Doğrusu birçok kişi ile görüşüyordu gün içinde ama hepsi hemcinsiydi. Düzenli müşterilerinden haber yoktu. En büyük sıkıntısı ise para değildi geri dönülmemesiydi, tamam dönem gelir müşteri olmaz dönem gelir haftada iki gece çıkardı ama uzun süredir bu işin içindeydi, en azından daha önce beraber olduğu biri geri dönerdi Kaan'a. Kafasını kurcalayan da buydu, tek övüncesi iyi sevişmek olan bir adamın "iyi sevişmiyor muyum lan acaba?" Demesiydi. Kendisinden şüphe etmeye başlamıştı, "bunu da beceremezsem ne yapabilirim ki bu koduğumun hayatında?" diye soru soruyordu kendine buna da bir cevap bulamadığı için zihninde daha çok soru oluşmasını bir türlü engelleyemiyordu.

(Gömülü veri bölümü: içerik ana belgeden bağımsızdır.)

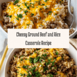 This Cheesy Ground Beef and Rice Casserole is a comforting and easy-to-make dish perfect for weeknight dinners. Featuring savory ground beef, creamy mushroom soup, and melted cheddar cheese, it’s a hearty meal that combines simple ingredients for a satisfying bake. The casserole is topped with bubbly, golden cheese and optionally garnished with fresh parsley for extra flavor and color.
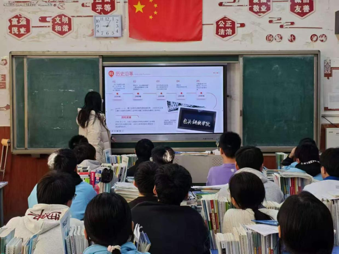 为搭建高校与中学人才培养衔接桥梁,传递学校办学理念与育人成果,2016年1月19日,内蒙古科技大学大一学子张志欣重返高中母校赤峰市新惠中学,在曾经的班主任班级开展主题宣讲活动,以校友身份分享成长感悟,解读高校特色,并为高三学子送上带有学校标识的纪念品与高考祝福。
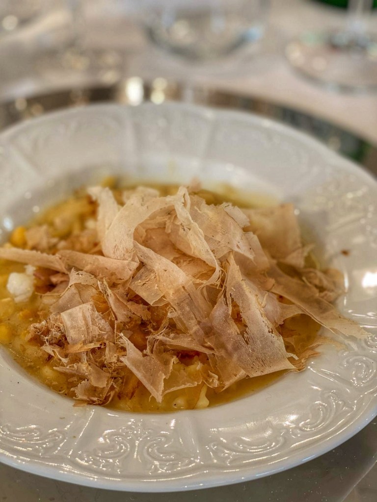 Modernismo e visioni mistiche alla presenza di Ceci e baccalà con katsuobushi: una vivacità visiva che accolse una contaminazione perfetta tra sapori autentici nostrani e fermentato orientale. Maestria inappuntabile.
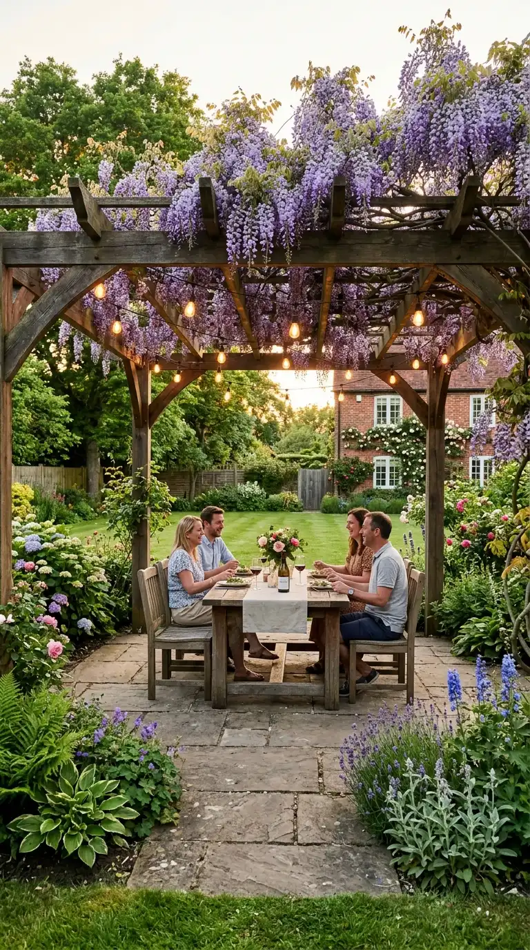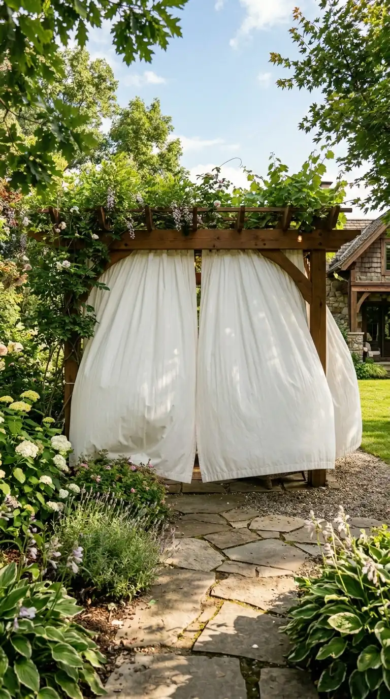 A pergola creates a defined outdoor room and provides partial shade. Attach it to your house or place it freestanding over a seating or dining area. Add climbing vines like wisteria or jasmine for natural shade and fragrance. Hang string lights or a chandelier for evening ambiance.
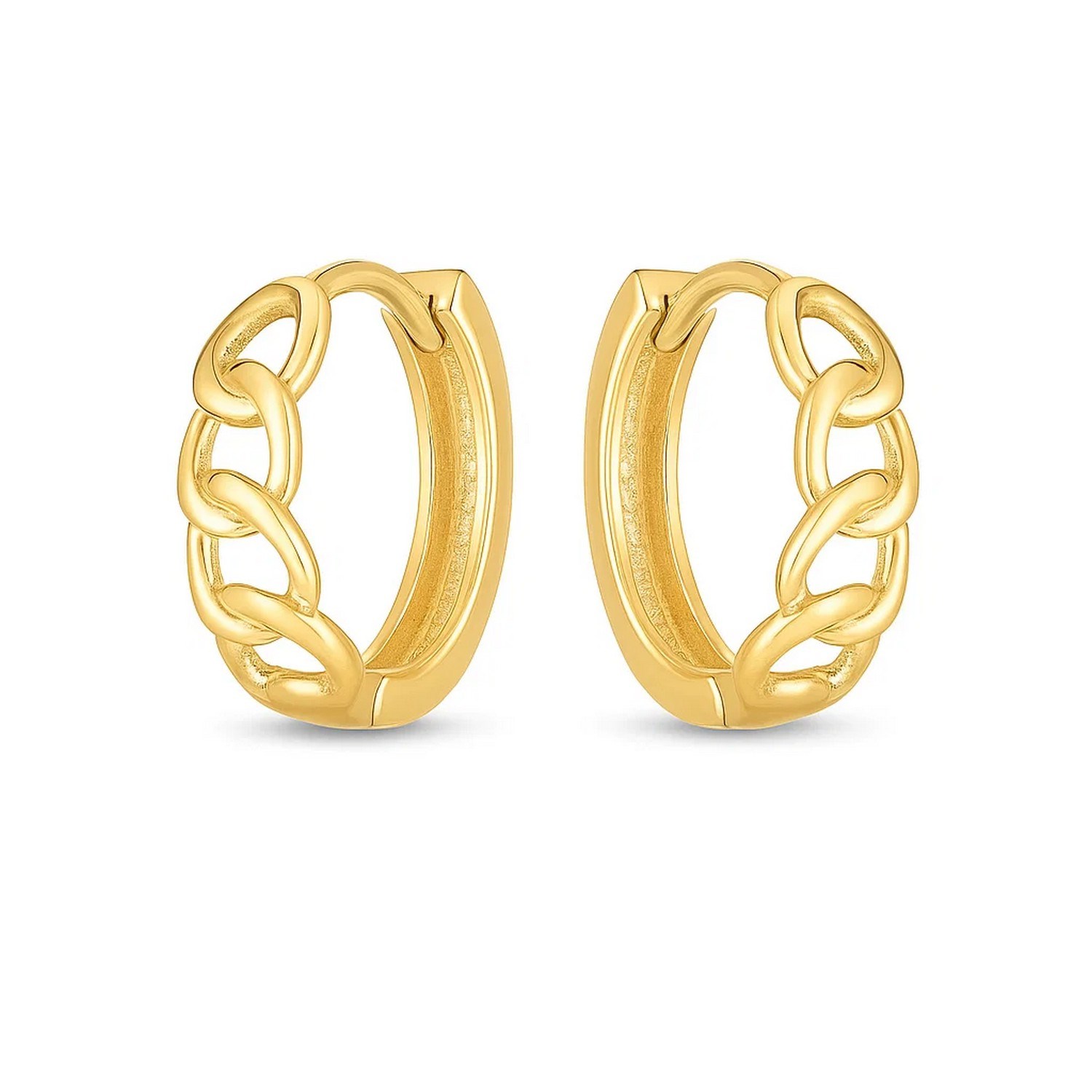 14k Yellow Gold Curb Huggie Hoop
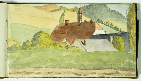 Skizzen mit Bleistift, Kreide, teilweise farbig aquarelliert
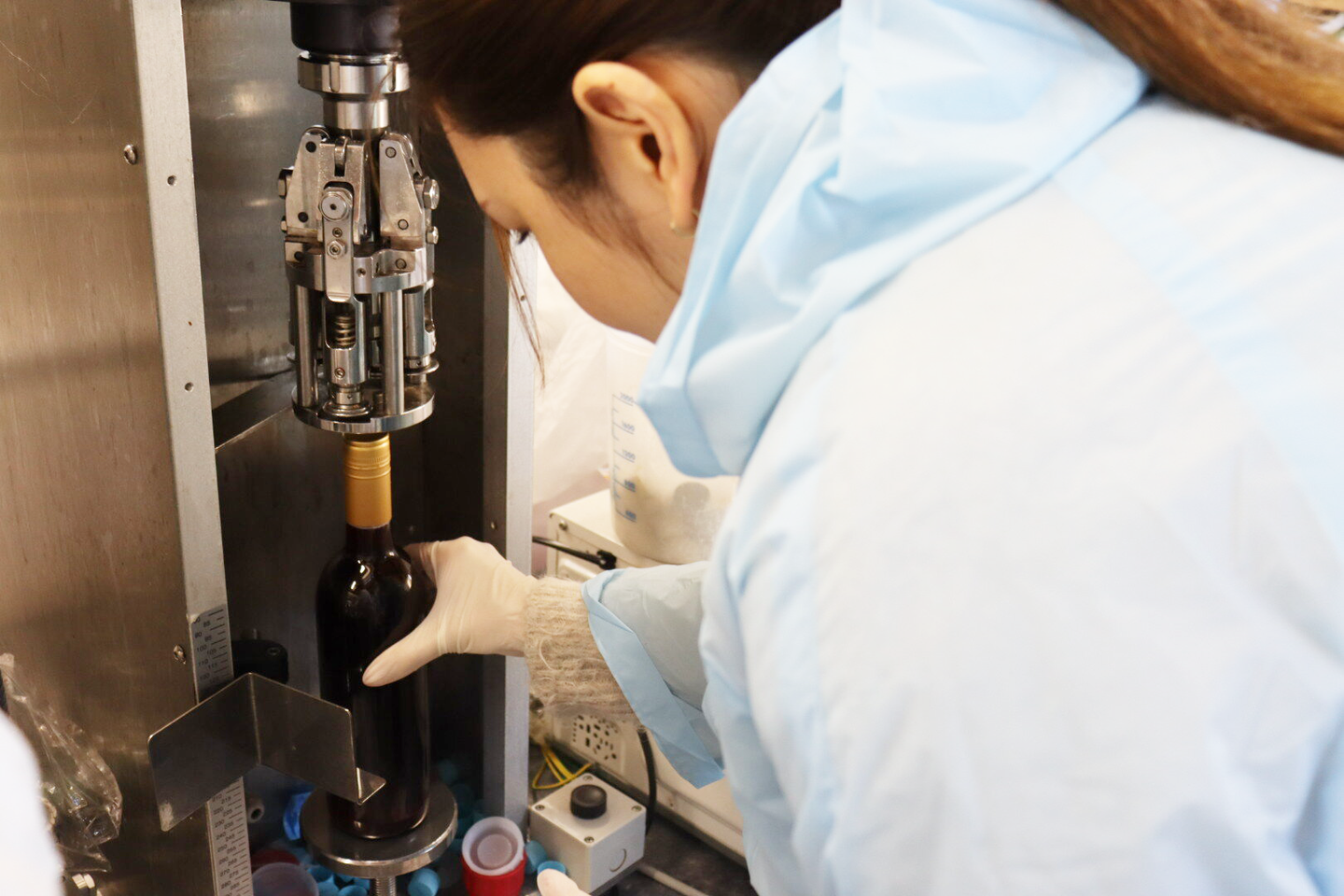 ワインを注いだ後は、スクリューキャップを専用の機械で締めていきます。

Ne yapardı cidden, ne yapabilirdi? Yarı çıplak resim yaparken bu sorular hücum etti zihnine bir gece, daha fazla resme odaklanamadığı o an fırçayı elinden fırlatıp yatağın üzerine çöktü. Düşündü.
"Acaba benden daha iyisi mi başladı?" duvara bakarak söylemişti bunu kendi kendine.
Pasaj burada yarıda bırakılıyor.